The visual elegance of a knowledge graph is often little more than a facade that crumbles upon its first encounter with complex data topology. A recent experiment by computational linguist Sergey Slepukhin—applying the LightRAG framework to the Civil Code of the Russian Federation and 110 Supreme Court rulings—confirms that "out-of-the-box" systems deliver structural deadlocks rather than intelligent search. The average node degree barely exceeded one, effectively flattening an ambitious neural network into a primitive tree list.

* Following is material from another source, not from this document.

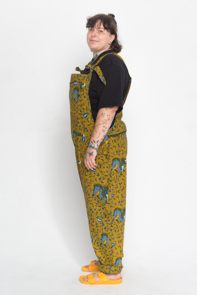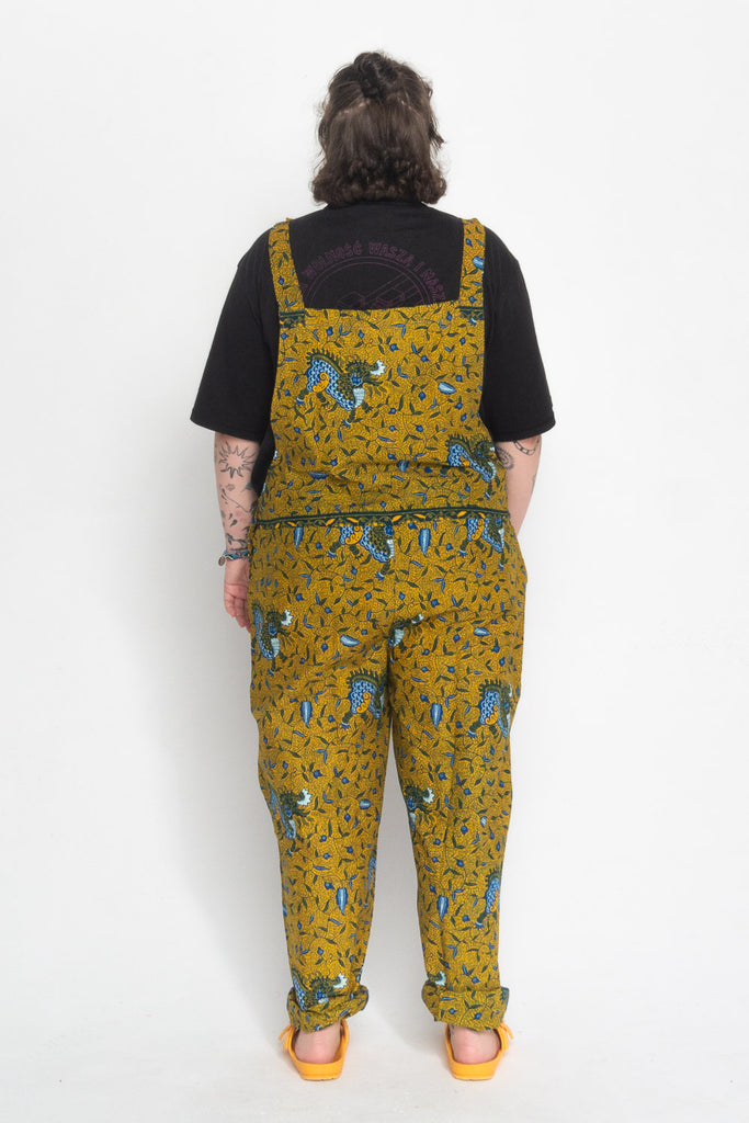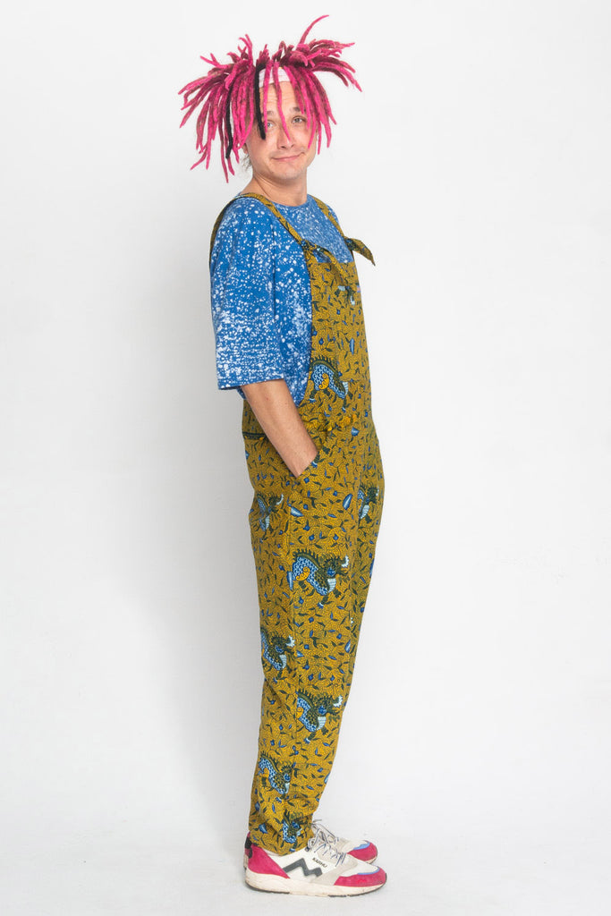 Głębokie boczne kieszenie na biodrach pomieszczą dużego powerbanka i nic z nich nie wypada. Paski przy górnej części pomagają wyregulować idealną wysokość krocza i przedłużyć wzrost względem tabeli wymiarów do 15 cm. Ogrodniczki uszyli krawcowie w szwalni New Havenn w Akrze w Ghanie.

The data tells a bleak story: 64.7% of nodes were either isolated or had only a single connection. Under these conditions, the graph fails to stitch disparate legal norms into the logical chains that GraphRAG proponents promise.
Two-thirds of the structure consists of "information islands" that lack global context. The situation is exacerbated by flaws in automated entity extraction, which turn the graph into a noisy data dump. The system stumbled on basics, creating bilingual duplicates where "Supreme Court of the Russian Federation" and its Russian equivalent coexisted as distinct entities. Meanwhile, the inherent hierarchy of the Civil Code articles was completely severed.
Key Takeaways for Business
Without manual normalization of duplicates and a rigid redefinition of legal taxonomy, this architecture offers no advantages over classic vector RAG. An "as-is" implementation in specialized domains results in a core graph that covers only 64.6% of entities, leaving a significant portion of the data inaccessible. Maintenance costs for such systems are significantly higher than traditional search methods without a guaranteed ROI.
Attempting to deploy these frameworks without domain-specific tuning makes search a lottery. For business leaders, this is a clear signal: implementing GraphRAG in niche industries requires deep investment in the entity extraction phase rather than just buying trendy licenses. If you fail to configure relationships at the intake stage, you won't get a "digital lawyer"—you'll get an expensive generator of random associations built on fragmented data.